Summer Holidays Cooking with Kids – The Non-Instagram Version
Social media is full of images of serene mothers baking with their children. Isn’t it lovely to see this maternal bonding, the passing on of baking wisdom and the partaking of a wholesome activity that doesn’t involve Netflix or iPads?
I’m going to tell you a shameful secret. I don’t enjoy baking with my children.
I enjoy cooking and creating recipes in a calm, organised kitchen. I like to wash up as I go along, wipe down surfaces and take my time – FYI I’m not like this in other areas of my life, the rest of the house is a tip. But in the kitchen, I am clean, tidy and serene.
Enter one small, innocent looking seven-year-old girl (MissN) and suddenly this baking tranquillity vanishes. First is the endless barrage of questions …. Mummy why is your food processor cracked down the middle? Mummy can I lick this? What’s this? And what’s this? Mummy what’s next? And what do we put in next? And what do we do next????
Next there is the ‘helping’. Obviously, you can’t cook with a child without letting said child do some actual cooking (although that would be my preferred option). And so MissN did the stirring, regardless of whether stirring was required. MissN knew better than me and so the eggs were stirred, the ground almonds were stirred, the carrots were stirred and the coconut oil was stirred. MissN likes stirring, but not in a nice controlled manner, oh no! MissN’s stirring involves violently whipping the spoon in and out of the bowl so that whatever is being stirred flies out and hits whatever is closest (floor, table, my face).
Then there is the breaking of eggs, MissN’s favourite part of baking.
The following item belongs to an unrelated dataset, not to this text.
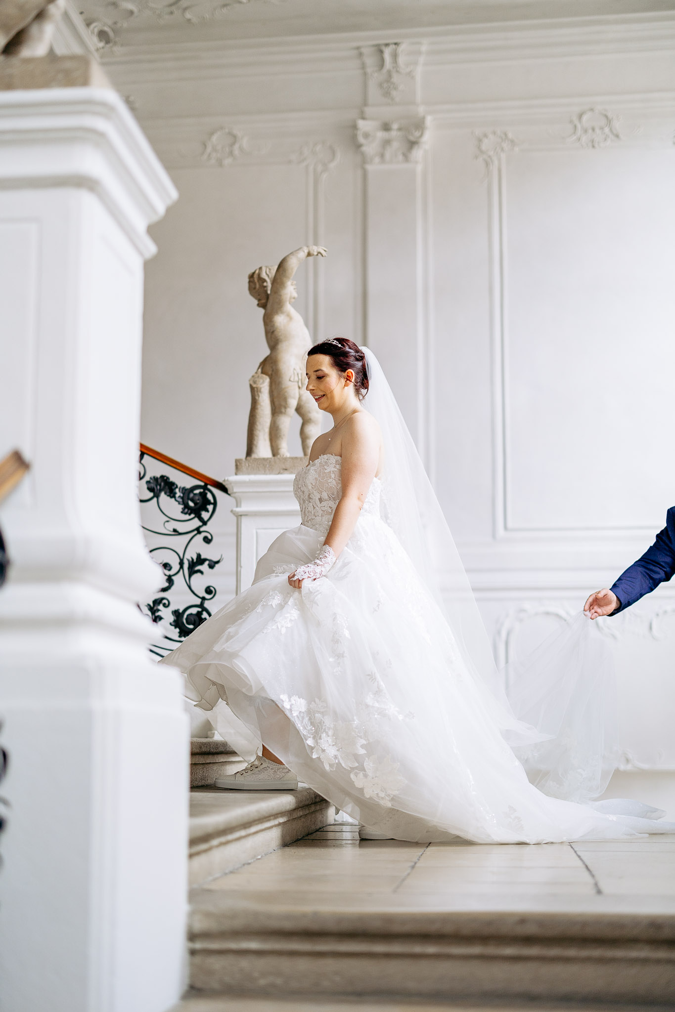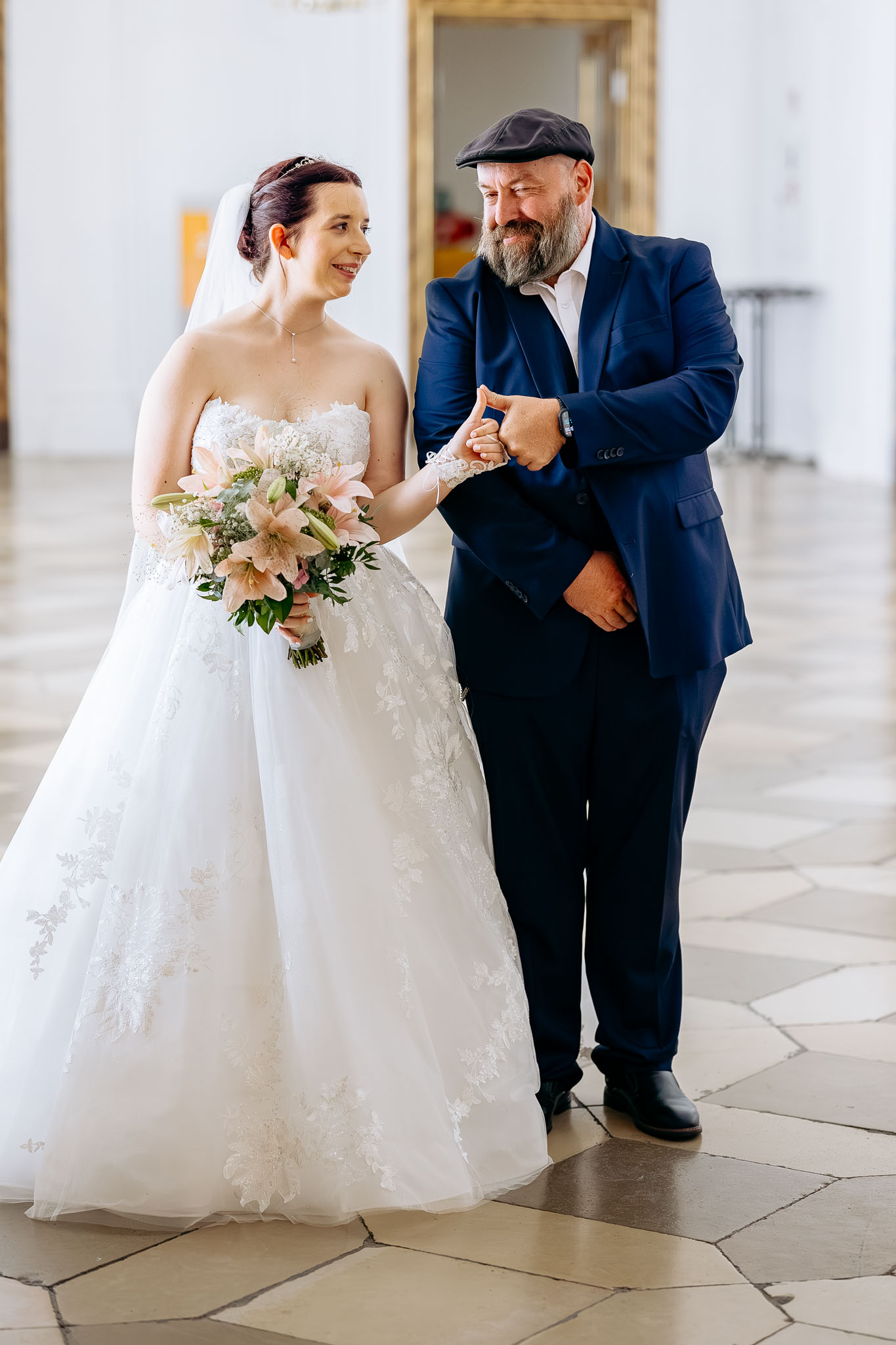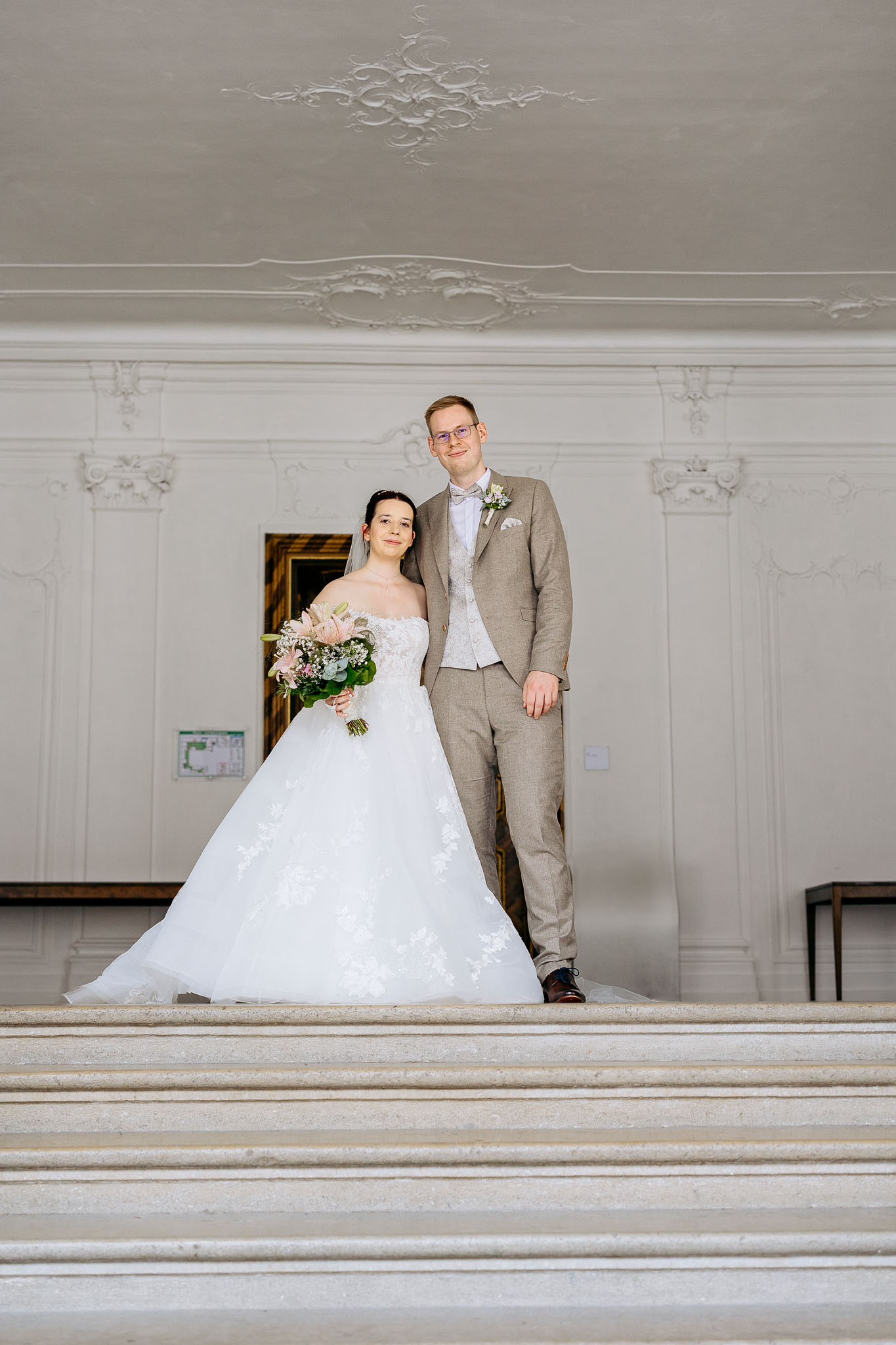 Schon der Weg zum Standesamt ist ein echtes Highlight. Breite, majestätische Treppen führen hinauf zum Eingang und lassen euch fühlen, als würdet ihr ein Schloss betreten. Für uns als Hochzeitsfotograf in Eichstätt bietet dieser Aufgang fantastische Fotomotive – von romantischen Paarfotos bis hin zu emotionalen Momenten beim Einzug.

MissN does not believe me when I tell her that breaking eggs is quite difficult so she rushes to show me that I am wrong. In her haste she smashes the first egg off the side of our mixing bowl so that the whole egg ends up in the bowl, shell and all. I tip it in the bin and we start again. I’m not allowed to help with the breaking of eggs so after all of the eggs are broken, I spend the next 15 minutes trying to fish the bits of egg shell out of the bowl while MissN triumphantly goes back to stirring.
Then there is the shouting …. that’s my job. “Don’t touch that it’s hot!”, “stop licking that spoon those eggs are raw!”, “that’s hot, stop trying to touch it!”, “don’t eat that”, “stop licking things!!”, “what are you stirring now?!”.
We finally manage to get everything into the mixing bowl together. MissN says the mix looks ‘disgusting’. I tell her it will all be lovely when its cooked, although I am beginning to seriously doubt it. This is a gluten-free, dairy-free carrot cake to accommodate MissN’s intolerance. Instead of wheat flour, I’ve used a half and half blend of gluten-free flour and ground almonds for a protein-boost. I’m using The Free-From Fairy’s Wholemeal Gluten-Free Flour in this recipe, although you could sub for any gluten-free flour, or wholemeal wheat or spelt flour if you tolerate gluten. I’ve also added more maple syrup than I would usually, because the children have told me that the last few cakes I’ve made haven’t been sweet enough.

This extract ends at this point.